The Ear Inn on Spring Street in lower Manhattan! Now there’s Poet’s House on River Terrace, founded by the visionary Betty Kray (with Stanley Kunitz). It’s a home for lovers of poetry and all literature. Betty was my boss and mentor when I worked at the Academy of American Poets right out of college (age twenty-one to twenty-three) and a powerful influence on me in terms of dreaming up what can be created and making it happen. The Nuyorican Poets Café. The Bowery Poetry Club. The Poetry Center at St. Mark’s (I think the name changed.) And a zillion street corners where the word lives in cement cracks, waiting for the light to change, near a fire hydrant, under traffic roar, tucked into a child’s stroller. The city is an iconic literary place. Edgecombe Ave, where Langston Hughes and W. E. B. Du Bois lived. Greenwich Village, where E. E. Cummings, Grace Paley, and Amiri Baraka lived. Chelsea, where June Jordan lived before she moved to Brooklyn. Harlem, of course, as a whole city within the city, culture and richness of literary legacy.

Are there hidden cities within this city that have intrigued or seduced you?

I keep discovering them. A few years ago I spent a lot of time walking and jogging on the Lower East Side and the East River, found a whole world of people in the early morning doing tai chi, walking dogs, jogging, talking into the air, sweating, bending. Very different than the Hudson. I love that places were created to encourage people to exercise, stretch, lift, right there by the river. But that’s not hidden! I need to think more about the hidden!

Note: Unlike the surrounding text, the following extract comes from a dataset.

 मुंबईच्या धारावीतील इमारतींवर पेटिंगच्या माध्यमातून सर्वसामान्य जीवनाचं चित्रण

Where does passion live here?

In the pulse, the bones from before, the wings of now. The unknown. The largeness and the shadows. Multiplicity. Languages from everywhere. Food from everywhere. Jazz in a tiny corner room below ground. Graffiti calling out, marking the lives it speaks.

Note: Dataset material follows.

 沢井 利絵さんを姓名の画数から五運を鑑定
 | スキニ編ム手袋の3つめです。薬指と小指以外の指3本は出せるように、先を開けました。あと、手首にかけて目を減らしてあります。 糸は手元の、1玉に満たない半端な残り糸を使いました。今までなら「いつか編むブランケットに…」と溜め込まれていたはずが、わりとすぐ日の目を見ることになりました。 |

What is the title of one of your works about New York City and what inspired it exactly?

“Mother’s Day.” It captures my lifelong back-and-forth between eastern Long Island—where I lived starting at age seven when my mother married a potato farmer and where my husband and I moved back to in 1996 with our young daughters—and lower Manhattan, where I lived on and off between age fifteen and, again, now. In the poem, I’m driving on the Long Island Expressway back to the city, alone, having dropped my younger daughter at the airport to return to college, my father already having died. I have an impulse to call him for dinner, as I often did when I was returning to the city on a Sunday evening. Instead of dinner with my departed father, I walked to the Hudson, remembered myself there as a “loose-jeaned teen.” I sat looking at the river. The poem touches on my physical and emotional sense of that part of the city, the motion between two places throughout my life, first from father to mother, then from home base to a place where I work and also live. In some real way it brings alive my feeling of aloneness, nostalgia, and at the same time, abundance, possibility.

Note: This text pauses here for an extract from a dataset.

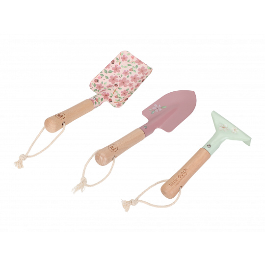 Malá zahradnice či zahradník potřebuje pro své zahradničení své vlastní nářadí! Tato sada obsahuje dvě lopatky a hrabičky v kvalitním provedení z odolného kovu s dřevěnou rukojetí pro pohodlné uchopení. Nářadí je zdobené krásným potiskem, praktická poutka umožňují po skončení práce zavěšení nářadí kdekoli, kde bude připravené pro další použití. Nářadí s krásným potiskem je součástí designové kolekce hraček a doplňků Little Dutch Fairy Garden, inspirované životem na zahradě. Vhodné pro děti od 3 let.

Inspired by Levi, “Outside New York does an outside exist?”

Outside as in “not in a building” or outside of the city as in “not in a city”? Or just “outside”?

There’s always an outside. And at the same time, all is connected, interwoven, bleeding together, somehow touching. If we remember that, perhaps we will be the tiniest bit closer to wholeness.

Kathy Engel is a poet who has worked for nearly forty years at the nexus between social justice movements and art/imagination. Her books include Ruth’s Skirts, poems and prose (IKON, 2007); We Begin Here: Poems for Palestine and Lebanon, coedited with Kamal Boullata (Interlink Books, 2007); The Kitchen, with art by German Perez (Yaboa Press, 2002); and the chapbook Banish The Tentative (1989). She is associate arts professor and chair of the Department of Art and Public Policy, Tisch School of the Arts, NYU. Her poetry collection The Lost Brother Alphabet is forthcoming with Get Fresh Books in 2020.